Monday, November 25, 2019

Judiciary Committee to get McGahn - maybe

Former Trump White House counsel Donald McGahn must comply with a House subpoena, a federal court ruled Monday, finding that “no one is above the law” and that top presidential advisers cannot ignore congressional demands for information. The ruling raises the possibility that McGahn could be forced to testify as part of the impeachment inquiry.

U.S. District Judge Ketanji Brown Jackson of Washington found no basis for a White House claim that the former counsel is “absolutely immune from compelled congressional testimony.”

  WaPo
Aka: above the law.
The House Judiciary Committee went to court in August to enforce its subpoena of McGahn, whom lawmakers consider the “most important” witness in whether President Trump obstructed justice in special counsel Robert S. Mueller III’s investigation of Russian interference in the 2016 U.S. election.

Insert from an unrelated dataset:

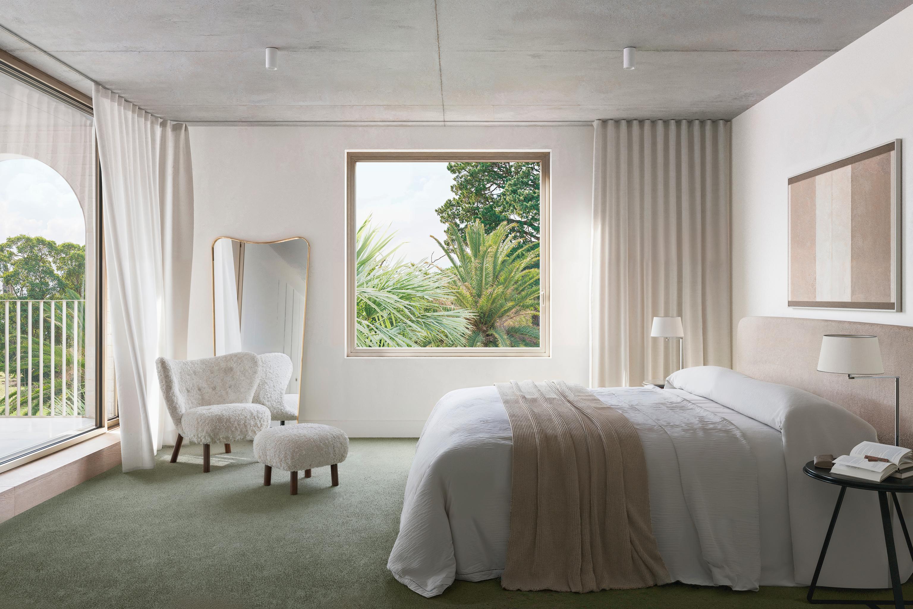 Bedrooms balance privacy and calm with clear outlooks to Alma Park.

Trump blocked McGahn’s appearance, saying McGahn had cooperated with Mueller’s probe, was a key presidential adviser, and could not be forced to answer questions or turn over documents. Jackson disagreed, ruling that if McGahn wants to refuse to testify, such as by invoking executive privilege, he must do so in person and question by question.

[...]

The judge ordered McGahn to appear before the House committee and said her conclusion was “inescapable” because a subpoena demand is part of the legal system — not the political process — and “per the Constitution, no one is above the law.”
The president has yet to learn that, as he has yet to be held accountable for anything.
“However busy or essential a presidential aide might be, and whatever their proximity to sensitive domestic and national-security projects, the President does not have the power to excuse him or her from taking an action that the law requires,” Jackson wrote in a 118-page opinion. “Fifty years of say so within the Executive branch does not change that fundamental truth.”
And McGahn isn't even in the administration any longer.
William A. Burck, McGahn’s attorney, said Monday: “Don McGahn will comply with Judge Jackson’s decision unless it is stayed pending appeal. DOJ is handling this case, so you will need to ask them whether they intend to seek a stay.”
No, we don't need to ask. We already know.
After the ruling, the Justice Department, which represents McGahn, said it would appeal.
See?
Even if McGahn were to appear before the committee, but decline to answer in full or on some matters, his case sets up a potentially landmark Supreme Court test of the Constitution’s checks and balances, pitting Congress’s impeachment and oversight authority against the powers of the presidency.
With a court packed to be biased toward the executive.

...but hey, do what you want...you will anyway.